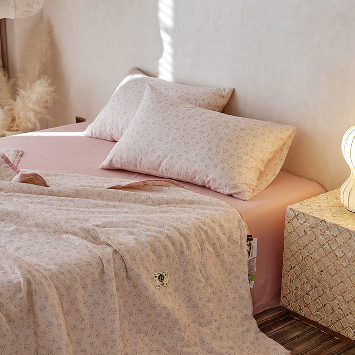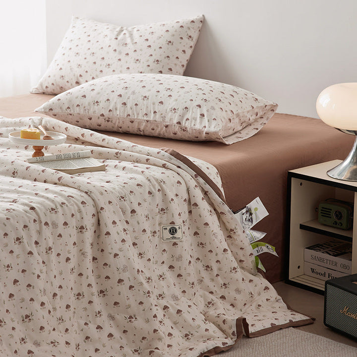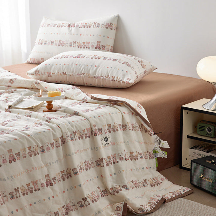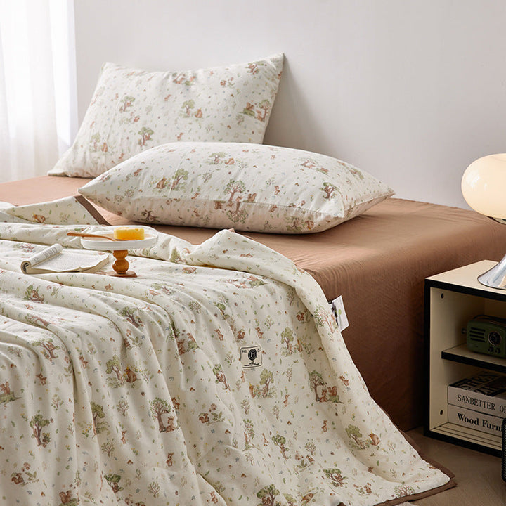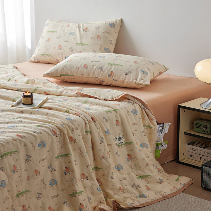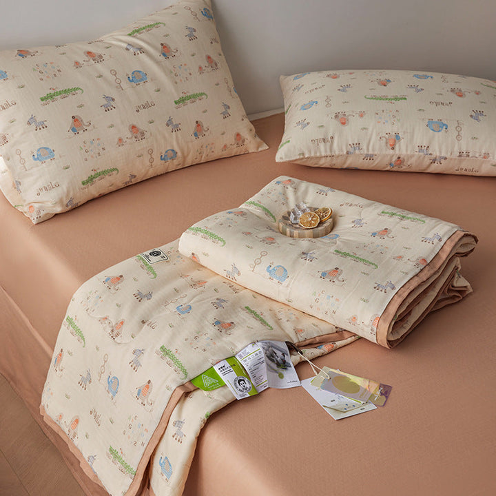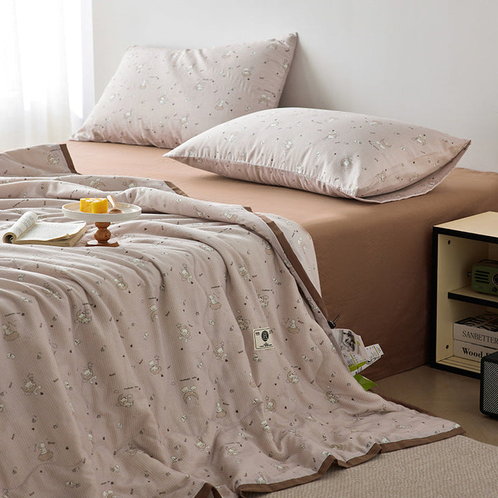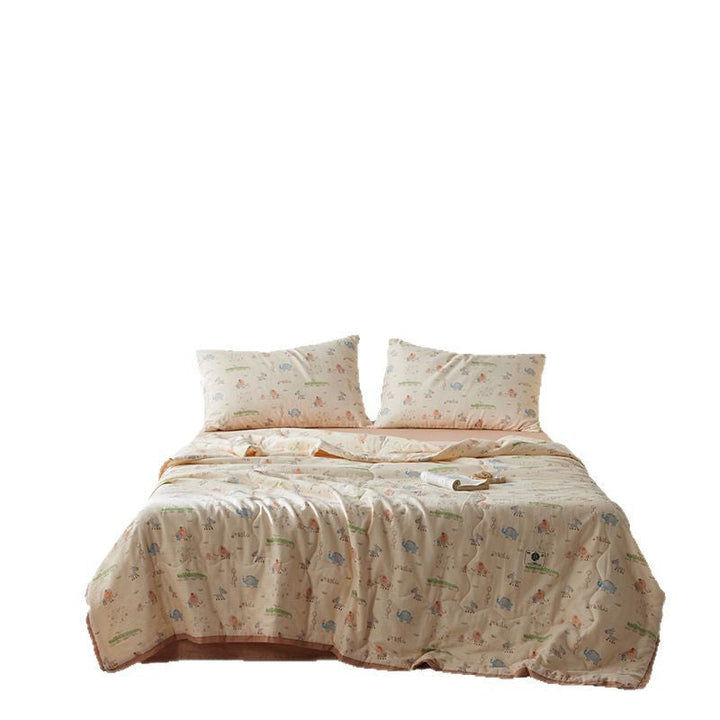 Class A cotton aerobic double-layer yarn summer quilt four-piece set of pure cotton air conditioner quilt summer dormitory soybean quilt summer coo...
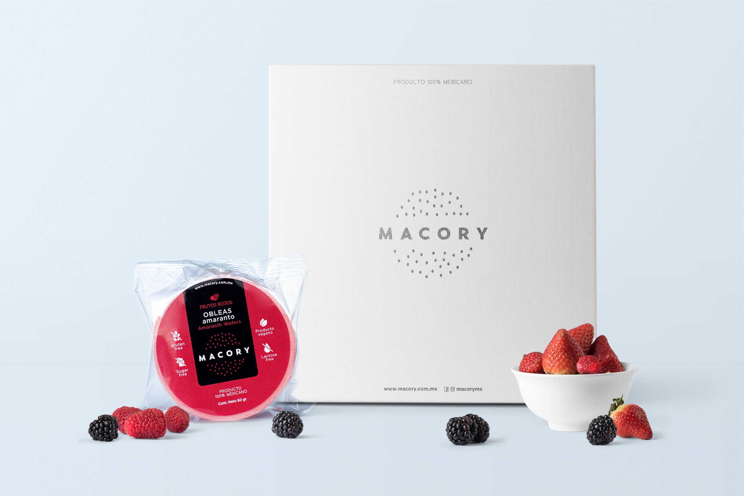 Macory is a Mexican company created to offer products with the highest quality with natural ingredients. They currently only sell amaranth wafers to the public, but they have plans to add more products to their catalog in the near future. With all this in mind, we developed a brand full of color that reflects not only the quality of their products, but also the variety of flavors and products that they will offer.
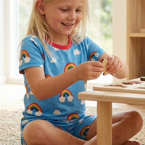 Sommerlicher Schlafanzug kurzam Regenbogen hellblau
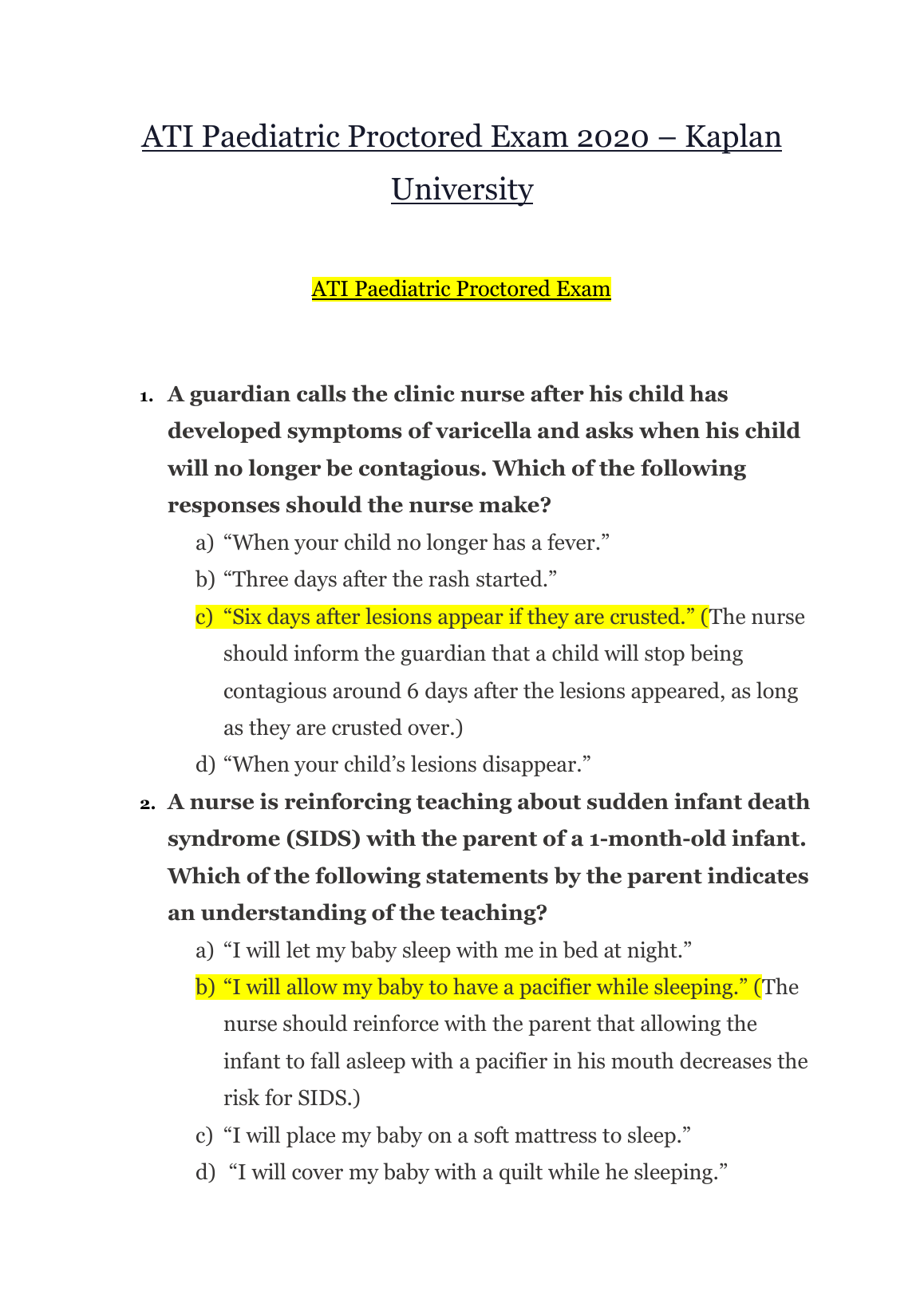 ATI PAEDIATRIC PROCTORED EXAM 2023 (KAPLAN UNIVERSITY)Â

◆ WHAT YOU SHOULD DO
Where the material contains pictures, leave them out and copy the rest verbatim.

◆ TASK ANSWER
 Class A cotton aerobic double-layer yarn summer quilt four-piece set of pure cotton air conditioner quilt summer dormitory soybean quilt summer coo...
 Macory is a Mexican company created to offer products with the highest quality with natural ingredients. They currently only sell amaranth wafers to the public, but they have plans to add more products to their catalog in the near future. With all this in mind, we developed a brand full of color that reflects not only the quality of their products, but also the variety of flavors and products that they will offer.
 Sommerlicher Schlafanzug kurzam Regenbogen hellblau
 ATI PAEDIATRIC PROCTORED EXAM 2023 (KAPLAN UNIVERSITY)Â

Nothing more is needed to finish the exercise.